'We are not your enemies': Occupy Central’s Benny Tai apologises for worrying officers
Organiser apologises, while officers say protesters aren’t ‘bad guys’
Occupy Central co-organiser Benny Tai Yiu-ting has called on police not to regard civil disobedience activists as "provoking quarrels and making trouble", because they would not regard frontline police as enemies.
Tai made his call in an article published in yesterday in which he also praised the police for "restraint and professionalism" in arresting 511 activists who staged a sit-in on Chater Road after the July 1 march.
His article came a week after the Junior Police Officers' Association (JPOA) was criticised for using a mainland phrase - often translated into English as "provoking quarrels and making trouble" - to describe the behaviour of the sit-in protesters. The criminal charge is regularly used against dissidents and rights activists on the mainland.
In the article yesterday, Tai also said he was "deeply sorry" that Occupy Central had worried "many frontline policemen".
Association chairman Joe Chan Cho-kwong replied that the police would not regard any protesters as enemies or "bad guys".
He said while he appreciated Tai's praise and apology, "the biggest joy for police officers is Hong Kong's public order being retained after their hard work".
Tai wrote that if there were 10,000 people occupying Central in the protest planned by his group, and if police chiefs ordered that they be removed, "police officers could face criticism from various sides … I could imagine and feel that kind of enormous pressure".
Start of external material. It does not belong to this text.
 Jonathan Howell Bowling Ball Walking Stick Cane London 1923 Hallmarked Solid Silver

He added: "Undertakers of civil disobedience won't see frontline police officers as enemies … so I hope that even if police cannot agree with [protestors'] political demands or their methods, please do not regard them as bad people challenging the police's authority.
"They are definitely not provoking quarrels and making trouble either."
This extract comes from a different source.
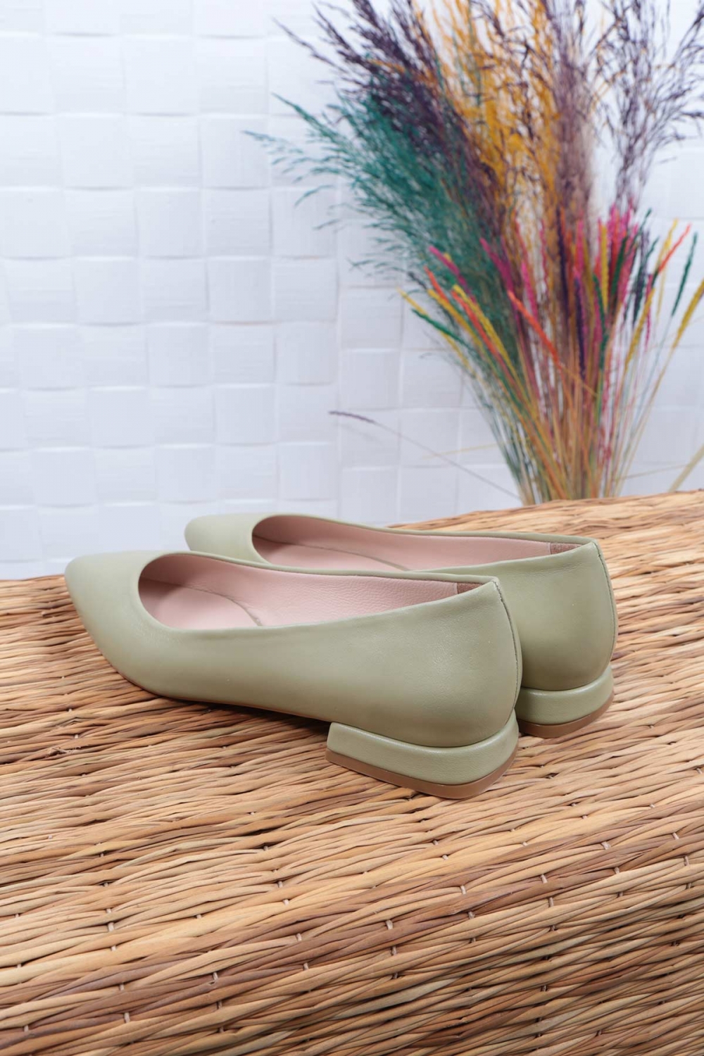 Hakiki Deri Yeşil Kadın Babet Ayakkabı 211127103

Chan said police would regard those who broke the law as people they needed to bring to justice. "We won't regard anyone as our enemies," he said. "And whether someone is provoking quarrels and making trouble will depend on whether the law is being broken."
In the article, Tai also dismissed Police Commissioner Andy Tsang Wai-hung's remarks that "as long as the police force is doing their job in strict accordance with the law, there won't be any problem about acting against one's conscience".
Tai said he hoped that before police officers executed commands from their chiefs, they would think, as citizens, about whether those commands were the best for the police, for the government and for Hong Kong.
But Chan said police officers would be fulfilling their civic responsibilities if they did their job and enforced the law.